- _DIRECTIONS FOR THIS TASK_: Repeat only the lines below that run from the line with "工具以外では、カバン・筆記具" to the line with "by TCPDF (www.tcpdf.org)", ends included; skip every picture.

- _GIVEN INFORMATION_:
-----

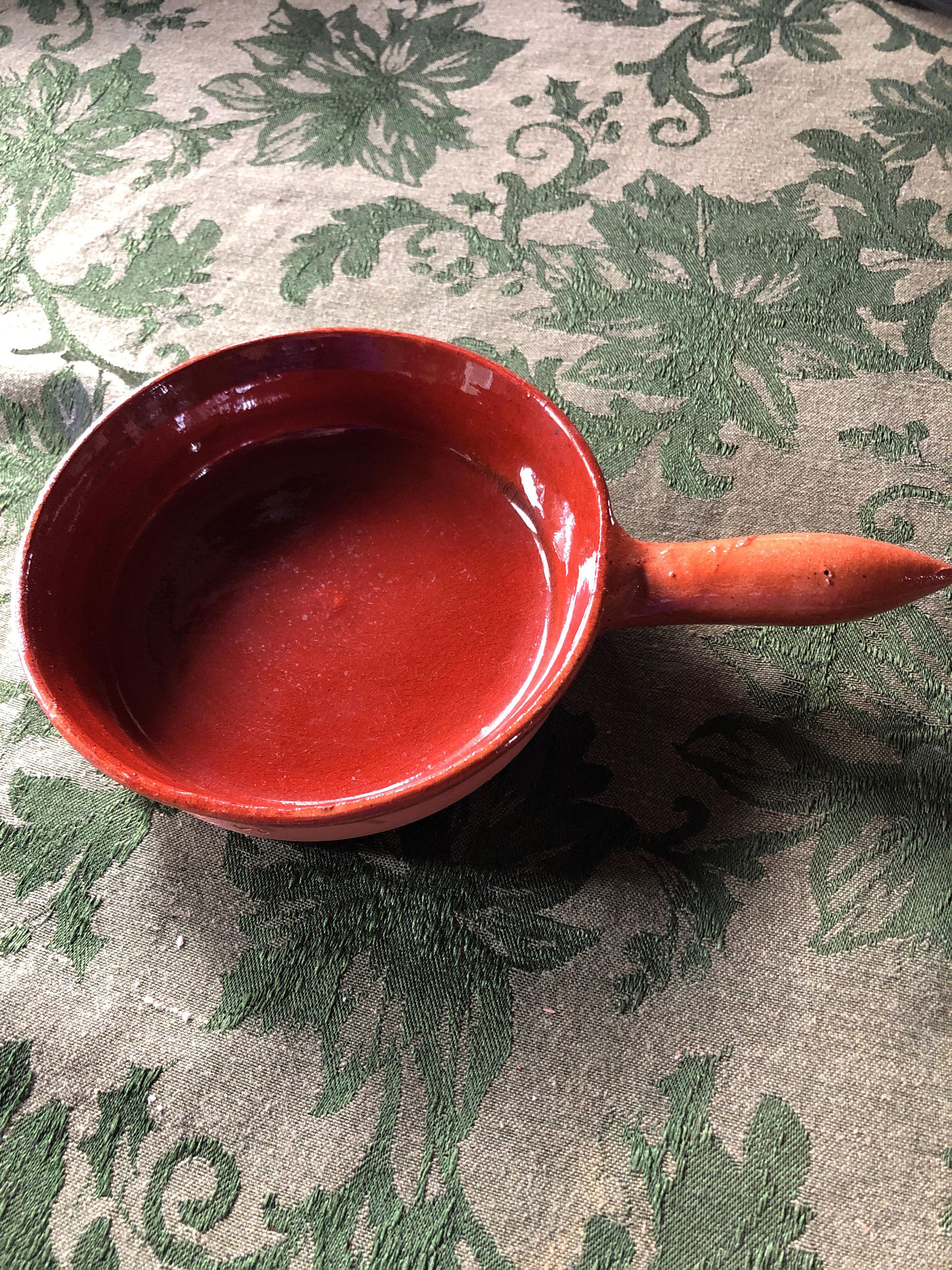 Red glazed round single handled serving dish.
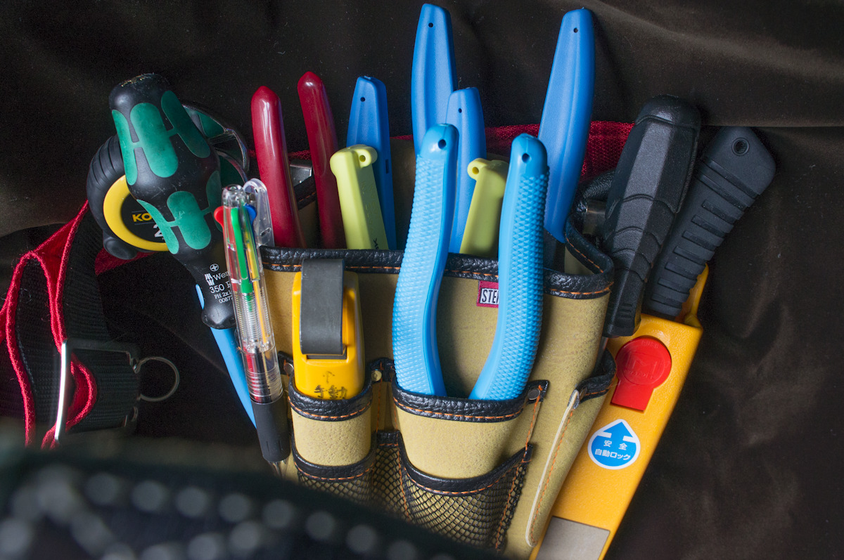 工具以外では、カバン・筆記具・受験票・写真票・布巾・扇子・絆創膏(数枚)・ゴミ袋・粘着テープ
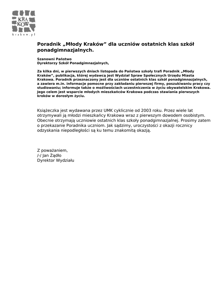 Poradnik „Młody Kraków” dla uczniów ostatnich klas szkół ponadgimnazjalnych. Szanowni Państwo Dyrektorzy Szkół Ponadgimnazjalnych, Za kilka dni, w pierwszych dniach listopada do Państwa szkoły trafi Poradnik „Młody Kraków”, publikacja, której wydawcą jest Wydział Spraw Społecznych Urzędu Miasta Krakowa. Poradnik przeznaczony jest dla uczniów ostatnich klas szkół ponadgimnazjalnych, a zawiera m.in. informacje pomocne przy zakładaniu pierwszej firmy, poszukiwaniu pracy czy studiowaniu; informuje także o możliwościach uczestniczenia w życiu obywatelskim Krakowa. Jego celem jest wsparcie młodych mieszkańców Krakowa podczas stawiania pierwszych kroków w dorosłym życiu. Książeczka jest wydawana przez UMK cyklicznie od 2003 roku. Przez wiele lat otrzymywali ją młodzi mieszkańcy Krakowa wraz z pierwszym dowodem osobistym. Obecnie otrzymają uczniowie ostatnich klas szkoły ponadgimnazjalnej. Prosimy zatem o przekazanie Poradnika uczniom. Jak sądzimy, uroczystości z okazji rocznicy odzyskania niepodległości są ku temu znakomitą okazją. Z poważaniem, /-/ Jan Żądło Dyrektor Wydziału Powered by TCPDF (www.tcpdf.org)
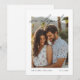 ¡Celebra tu historia de amor con esta hermosa y moderna tarjeta de anuncio de fuga! Este diseño de "nos fugamos" presenta un diseño minimalista que muestra elegantemente tu foto de boda favorita, lo que la convierte en un recuerdo perfecto para amigos y familiares. Personaliza la tarjeta con tu apellido y fecha de fuga para un toque único. Ideal para parejas que buscan una forma contemporánea y sofisticada de compartir la noticia de su matrimonio, este anuncio de fuga es imprescindible. Ya sea que hayas tenido una ceremonia íntima o una boda en destino, esta tarjeta de foto de boda es la forma perfecta de anunciar tu día especial. Diseñada para reflejar tu estilo, combina elementos de un anuncio de boda minimalista y una tarjeta de boda moderna. Utiliza esta tarjeta de foto de fuga para capturar la esencia de tu relación y crear un recuerdo memorable. Esta tarjeta de fuga personalizada hace una declaración, con su diseño limpio y texto personalizable, lo que garantiza que tu anuncio de boda con foto sea tan único como tu historia de amor. Perfecta para enviar a seres queridos, esta tarjeta de anuncio de pareja hará que todos sepan que los recién casados se han casado con estilo.
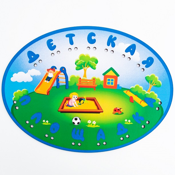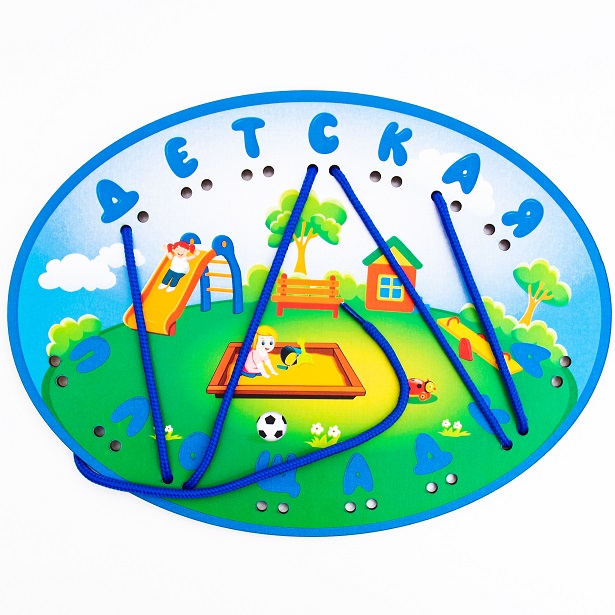 Деревянная панель с изображением детская площадка на улице и по краю панели располагается надпись ДЕТСКАЯ ПЛОЩАДКА. У каждой буквы по два отверстия. Два шнурка.
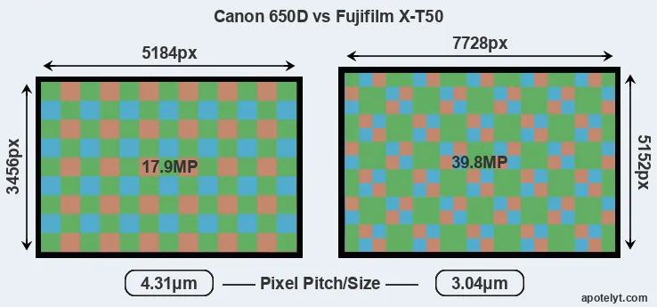 | Sensor Specs | Canon 650D | Fujifilm X-T50 |
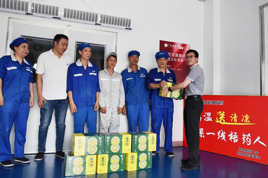 烈日酷暑送清涼 服務(wù)一線戰(zhàn)高溫 ——梧州制藥工會(huì)聯(lián)合安委會(huì)開展“送清涼”慰問活動(dòng)
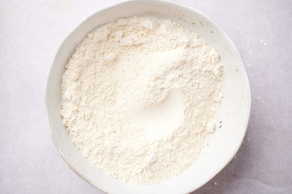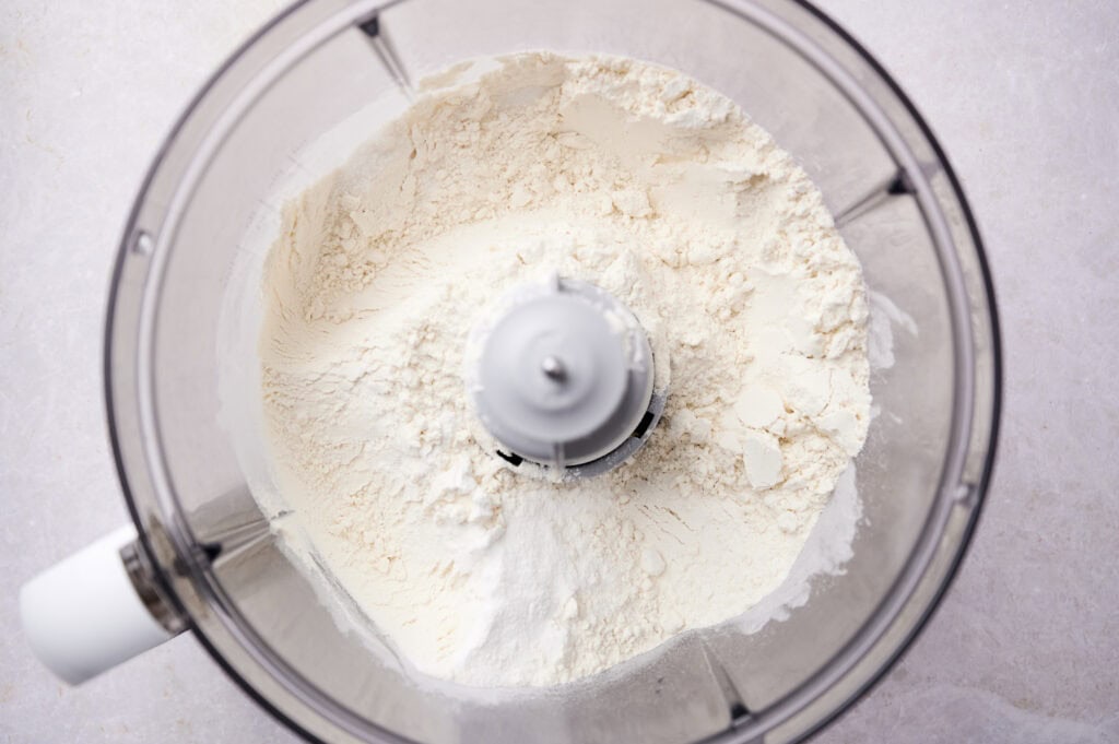Start by adding the flour, baking powder, baking soda, salt and sugar to a food processor. Take your butter straight out of the fridge and quickly cube it or cut it into ½ tablespoons size pieces.
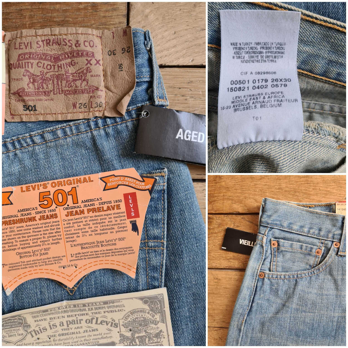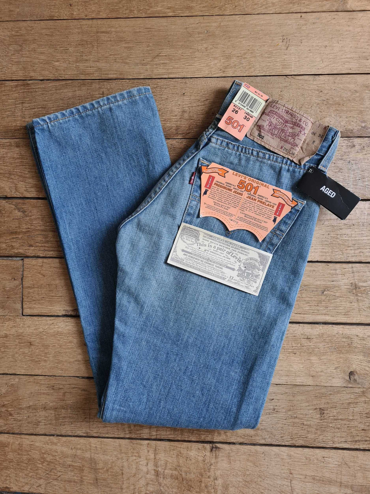 Unit price perLevi's 501 jeans, W26L30, fairly light blue, "aged" series. Deadstock 2002. Original labels are no longer present on the jeans. Please check the measurements carefully; the size corresponds to a current size 32. Outer leg length 98 cm.

-----

- _EXERCISE SOLUTION_:
 工具以外では、カバン・筆記具・受験票・写真票・布巾・扇子・絆創膏(数枚)・ゴミ袋・粘着テープ
 Poradnik „Młody Kraków” dla uczniów ostatnich klas szkół ponadgimnazjalnych. Szanowni Państwo Dyrektorzy Szkół Ponadgimnazjalnych, Za kilka dni, w pierwszych dniach listopada do Państwa szkoły trafi Poradnik „Młody Kraków”, publikacja, której wydawcą jest Wydział Spraw Społecznych Urzędu Miasta Krakowa. Poradnik przeznaczony jest dla uczniów ostatnich klas szkół ponadgimnazjalnych, a zawiera m.in. informacje pomocne przy zakładaniu pierwszej firmy, poszukiwaniu pracy czy studiowaniu; informuje także o możliwościach uczestniczenia w życiu obywatelskim Krakowa. Jego celem jest wsparcie młodych mieszkańców Krakowa podczas stawiania pierwszych kroków w dorosłym życiu. Książeczka jest wydawana przez UMK cyklicznie od 2003 roku. Przez wiele lat otrzymywali ją młodzi mieszkańcy Krakowa wraz z pierwszym dowodem osobistym. Obecnie otrzymają uczniowie ostatnich klas szkoły ponadgimnazjalnej. Prosimy zatem o przekazanie Poradnika uczniom. Jak sądzimy, uroczystości z okazji rocznicy odzyskania niepodległości są ku temu znakomitą okazją. Z poważaniem, /-/ Jan Żądło Dyrektor Wydziału Powered by TCPDF (www.tcpdf.org)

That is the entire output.